- EXERCISE MATERIALS

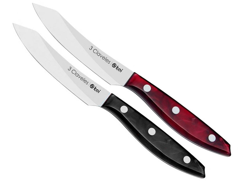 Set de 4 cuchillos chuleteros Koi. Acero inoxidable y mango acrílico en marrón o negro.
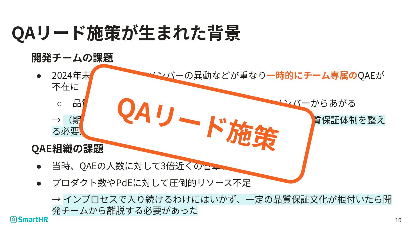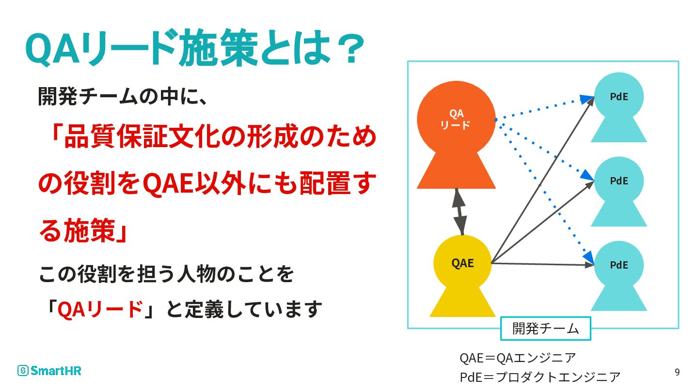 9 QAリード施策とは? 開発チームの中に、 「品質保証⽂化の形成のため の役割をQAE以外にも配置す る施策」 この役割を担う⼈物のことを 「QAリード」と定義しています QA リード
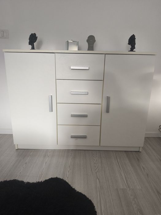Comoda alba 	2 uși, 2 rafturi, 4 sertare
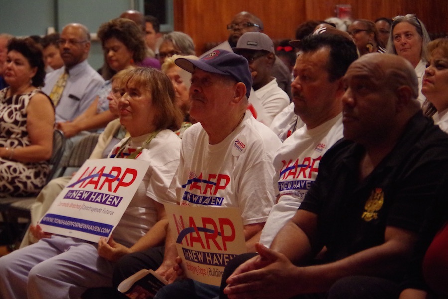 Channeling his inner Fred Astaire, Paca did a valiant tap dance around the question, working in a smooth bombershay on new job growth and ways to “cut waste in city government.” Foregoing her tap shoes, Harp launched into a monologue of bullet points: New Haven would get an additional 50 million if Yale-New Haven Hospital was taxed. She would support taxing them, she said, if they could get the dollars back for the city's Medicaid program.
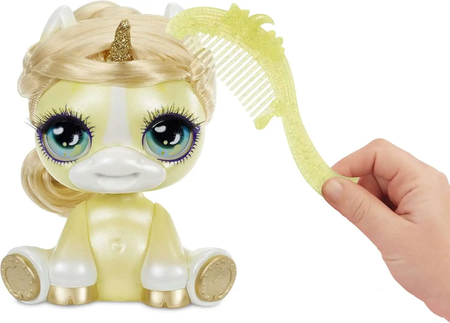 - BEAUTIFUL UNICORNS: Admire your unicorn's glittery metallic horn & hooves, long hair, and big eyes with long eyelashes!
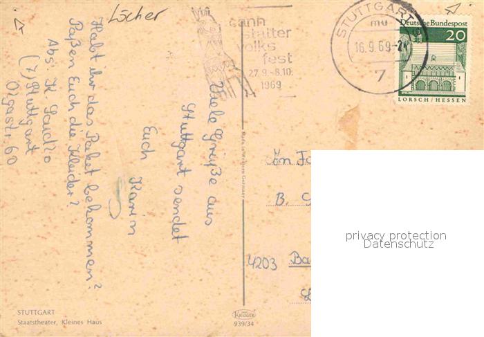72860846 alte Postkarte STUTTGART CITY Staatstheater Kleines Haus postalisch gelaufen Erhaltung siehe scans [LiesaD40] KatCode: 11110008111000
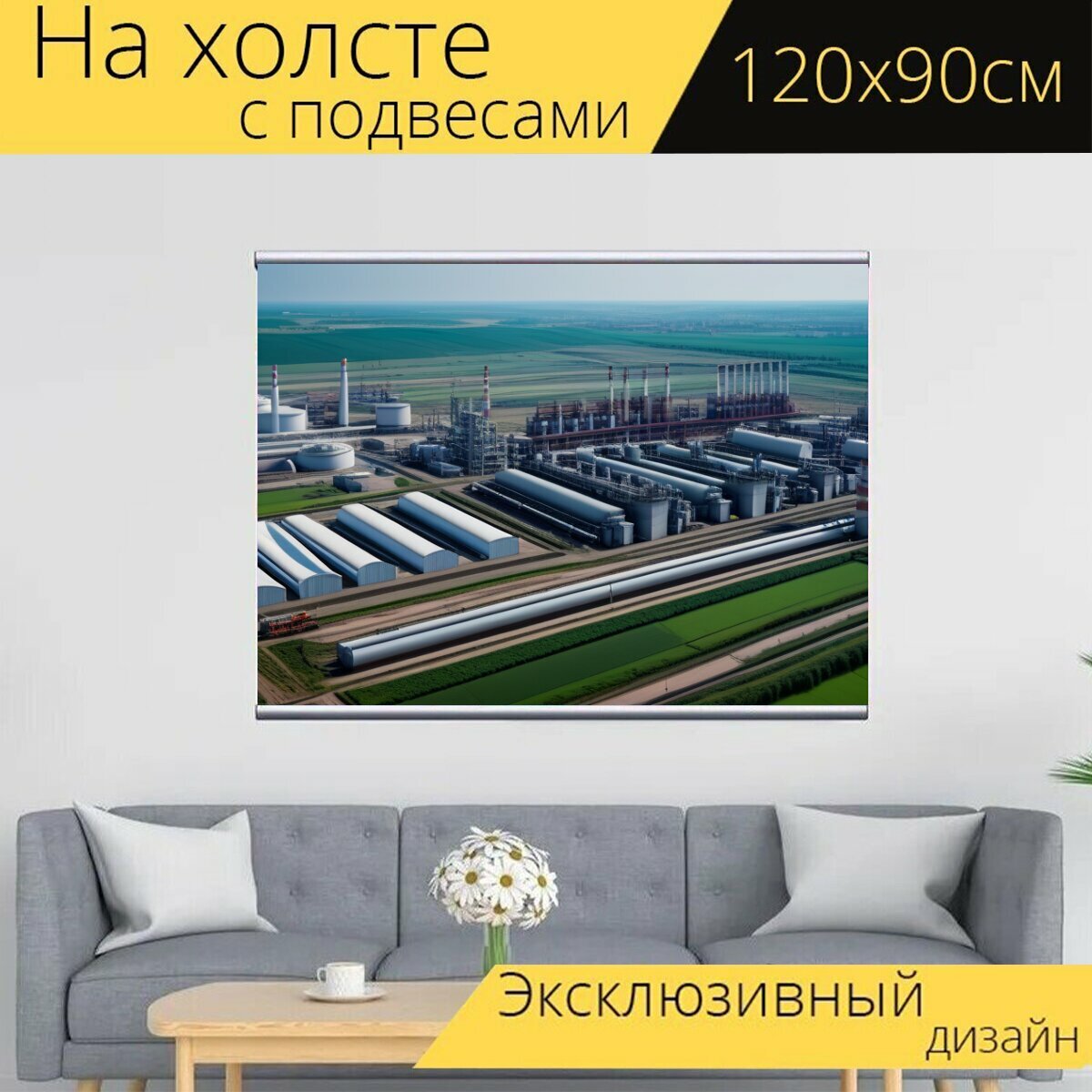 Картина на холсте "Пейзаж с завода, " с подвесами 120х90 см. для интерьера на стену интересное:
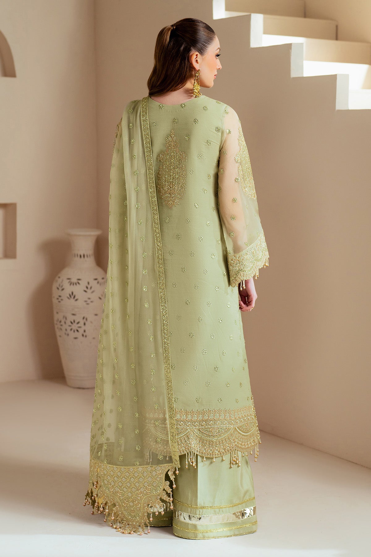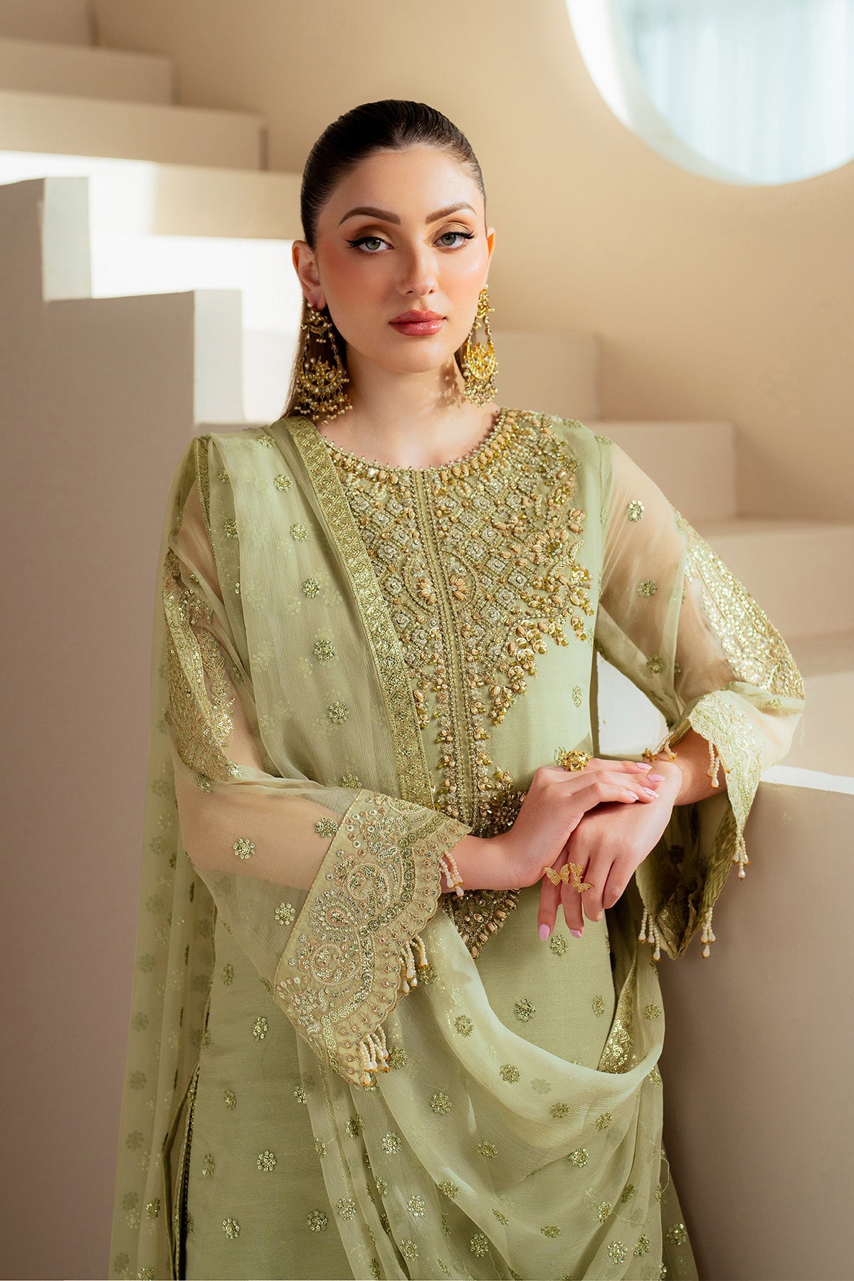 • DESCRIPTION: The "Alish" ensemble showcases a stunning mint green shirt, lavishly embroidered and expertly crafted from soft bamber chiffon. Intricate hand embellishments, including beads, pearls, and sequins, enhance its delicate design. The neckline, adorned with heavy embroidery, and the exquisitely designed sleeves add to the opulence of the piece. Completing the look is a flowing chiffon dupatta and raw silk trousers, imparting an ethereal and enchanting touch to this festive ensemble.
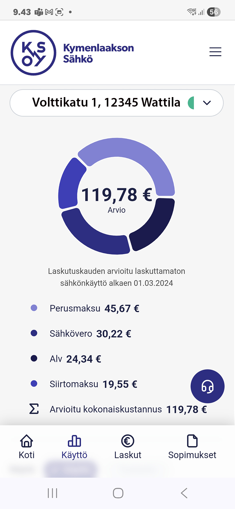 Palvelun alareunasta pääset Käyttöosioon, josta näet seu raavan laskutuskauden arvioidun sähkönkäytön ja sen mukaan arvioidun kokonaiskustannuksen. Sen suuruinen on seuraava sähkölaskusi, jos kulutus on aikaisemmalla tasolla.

- REQUIREMENT
Leave the pictures out and reproduce every record above exactly.

- EXERCISE RESPONSE
 Set de 4 cuchillos chuleteros Koi. Acero inoxidable y mango acrílico en marrón o negro.
 9 QAリード施策とは? 開発チームの中に、 「品質保証⽂化の形成のため の役割をQAE以外にも配置す る施策」 この役割を担う⼈物のことを 「QAリード」と定義しています QA リード
Comoda alba 	2 uși, 2 rafturi, 4 sertare
 Channeling his inner Fred Astaire, Paca did a valiant tap dance around the question, working in a smooth bombershay on new job growth and ways to “cut waste in city government.” Foregoing her tap shoes, Harp launched into a monologue of bullet points: New Haven would get an additional 50 million if Yale-New Haven Hospital was taxed. She would support taxing them, she said, if they could get the dollars back for the city's Medicaid program.
 - BEAUTIFUL UNICORNS: Admire your unicorn's glittery metallic horn & hooves, long hair, and big eyes with long eyelashes!
72860846 alte Postkarte STUTTGART CITY Staatstheater Kleines Haus postalisch gelaufen Erhaltung siehe scans [LiesaD40] KatCode: 11110008111000
 Картина на холсте "Пейзаж с завода, " с подвесами 120х90 см. для интерьера на стену интересное:
 • DESCRIPTION: The "Alish" ensemble showcases a stunning mint green shirt, lavishly embroidered and expertly crafted from soft bamber chiffon. Intricate hand embellishments, including beads, pearls, and sequins, enhance its delicate design. The neckline, adorned with heavy embroidery, and the exquisitely designed sleeves add to the opulence of the piece. Completing the look is a flowing chiffon dupatta and raw silk trousers, imparting an ethereal and enchanting touch to this festive ensemble.
 Palvelun alareunasta pääset Käyttöosioon, josta näet seu raavan laskutuskauden arvioidun sähkönkäytön ja sen mukaan arvioidun kokonaiskustannuksen. Sen suuruinen on seuraava sähkölaskusi, jos kulutus on aikaisemmalla tasolla.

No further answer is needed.